Puay Heng Bak Chor Mee: The one that used to be at Capitol theatre
Have you ever considered that Bak Chor Mee is an uniquely Singaporean dish? Yes, you do find dried noodles with various types of toppings in Malaysia, Thailand and even China, but you don’t find the same combination of minced pork with stewed mushrooms, laced with a generous dash of black vinegar and a chilli made with candlenuts, pounded dried shrimps and fried sole fish anywhere else in the world. Yet, how many of us would bring foreign visitors to eat Bak Chor Mee? It’s always Chicken Rice, Chilli Crabs and Laksa, right? But you know what, my Japanese friend, Yoshie considers Bak Chor Mee to be the perfect hawker dish. Oh and since we are on the topic of what hawker foods the Japanese like, it might be interesting to note that the Japanese love our Nonya Kaya as well.At least this is what the boss of Ya Kun tells me. (They have one shop in Tokyo).
There is no doubt that Bak Chor Mee is one of our nation’s favourite dishes. Amongst the chinese hawker food, it is one of those that you can eat 24 hours a day. It’s good for breakfast, lunch, dinner and supper and that is not something you can achieve with Chicken Rice or Chilli Crab. As far as I know, there aren’t any places that sell Chicken Rice 24 hours a day, at least not any of the famous ones. But if you are hankering for a nice bowl of noodle goodness to warm your tummy at 2am in the morning, I could point you to a few places.
Having covered three of the heritage hawker restaurants in Far East Square along China Street, I just had to finish the task by adding Puay Heng to the equation. All these restaurants were specially hand picked by the Chief Foodie of Far East Concepts, Mr Chia Boon Pin, who managed to pursuade his favourite hawker stalls to set up restaurants at Far East Square. In so doing, he had played an important part in preserving the likes of Ya Kun and Hock Lam Beef Noodles, both of which have progressed from being a hawker stall to being a hawker restaurant. And this has meant that it is attractive enough for the next generation of hawkerpreneurs to take over the family business. This is certainly the story for Ya Kun, Hock Lam Beef Kway Teow, Nam Seng Wanton Mee and our stall today, Puay Heng.
I have been wanting to blog about Puay Heng for a while, but it looks like I have missed the boat somewhat since the founder, Mr Ng Chew Puay just passed away last year. Does anyone here remember him from the days he used to sell his Bak Chor Mee behind Capitol Theatre? I certainly missed the chance of trying his noodle tossing skills. His daughter, Siew Ling, a graduate, who has taken over the running of the business recalls the uphill task of matching her late father’s skills.
“The ingredients might all be the same, but somehow, when dad makes it, it just had that special touch”, she tells me fondly. As with most of the way the hawker masters cook, the ingredients are usually put together with a copious amount of agarism (estimation) rather than measuring cups or timers, so turning art into science is not something that can be done overnight.

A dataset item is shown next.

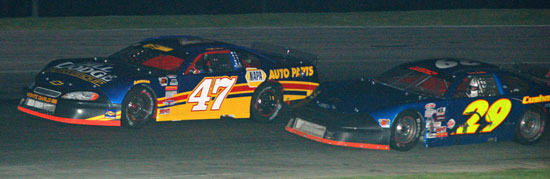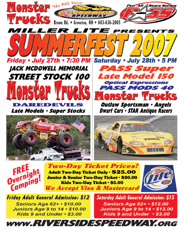 Speedway Super Late Models Finish 150-Lap Event in Tight Formation NAPLES, ME (July 29, 2007) – Experience beat out youth Saturday night at Riverside Speedway in Groveton, New Hampshire when the Pro All Stars Series (PASS) North Super Late Models came to town for their 150-lap Miller Lite Summerfest event. Kelly Moore, the 1995 NASCAR Busch North Series champion and the winningest driver in Busch North/Busch East Series history, stayed barely ahead of Trevor Sanborn, an up and coming Maine driver, at the finish line to take the victory. The race saw three different drivers set the pace in its various stages. Rookie Stephen Berry led early on, Sanborn dominated the middle stages of the event and then Moore took over after passing Sanborn on lap 103. Moore never pulled far away from Sanborn and as the laps clicked down, there was a large break-away pack of the top nine cars running nose-to-tail. At the line, the order of finish was Moore, Sanborn, Richie Dearborn, Johnny Clark and Ben Rowe. With his top five finish, Rowe unofficially maintains the PASS North point lead over his father Mike Rowe. The PASS North Super Late Models will return to action Saturday, August 11th in the Atlantic CAT 250 at Scotia Speedworld in Halifax, Nova Scotia. |
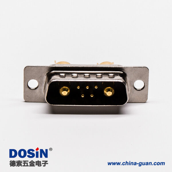 大電流 D SUB接口7W2焊線直式短體光孔鉚合公頭

Having not had the chance to eat her father’s bowl of noodles, I really can’t say how good my bowl was in comparison to the old master’s bowl. However, I can tell you that the noodles were just right and they had the ability to soak up just the right amount of the black vinegar, chilli and mushroom gravy. I also love the way the chilli was made with pounded dried shrimps and fried sole fish. It wasn’t fiery hot for the sake of just inducing pain, it was designed to create a umami tickle on the tongue as well. There was just enough vinegary zest to get your salivary glands going without causing your eyes to cringe. As with all things, its all about balance and this bowl of Bak Chor Mee is very much in equilibrium. Pity the giao (fish dumpling) wasn’t handmade, and I have not really made up my mind on the piece of fried imitation scallop. It is tasty but, hmmm…. it is neither real nor traditional… your call. 4.25/5
Speaking of black vinegar. I know of guys who just love that extra splash, nay, deluge of black vinegar in their Bak Chor Mee. These are guys that like to “Jia Chou” (lit “Eat Vinegar” which means to be jealous in the Teochew dialect). Anyway, speaking of black vinegar, I was told that the best Chinese Black vinegar is the Zhe Jiang vinegar which comes from China. Bak Chor Mee stalls that pride themselves in serving a good bowl of noodles would invariably be using Zhe Jiang Vinegar. So if you spot any other types of vinegar, you might as well eat something else.
Those of you familiar with Puay Heng will remember that they used to have franchised stalls in a couple of food courts all over the island. However, they have all shut down now so that they can focus on maintaining the quality of the noodles. You have to give it to Puay Heng for opening an air conditioned eatery in the CBD and still charge $3.80 for it. This is definitely one of the more comfortable places to bring your foreign visitors to enjoy a great bowl of Bak Chor Mee.
So, have you eaten at the original stall in Capitol Theatre? Tell us a bit more about it!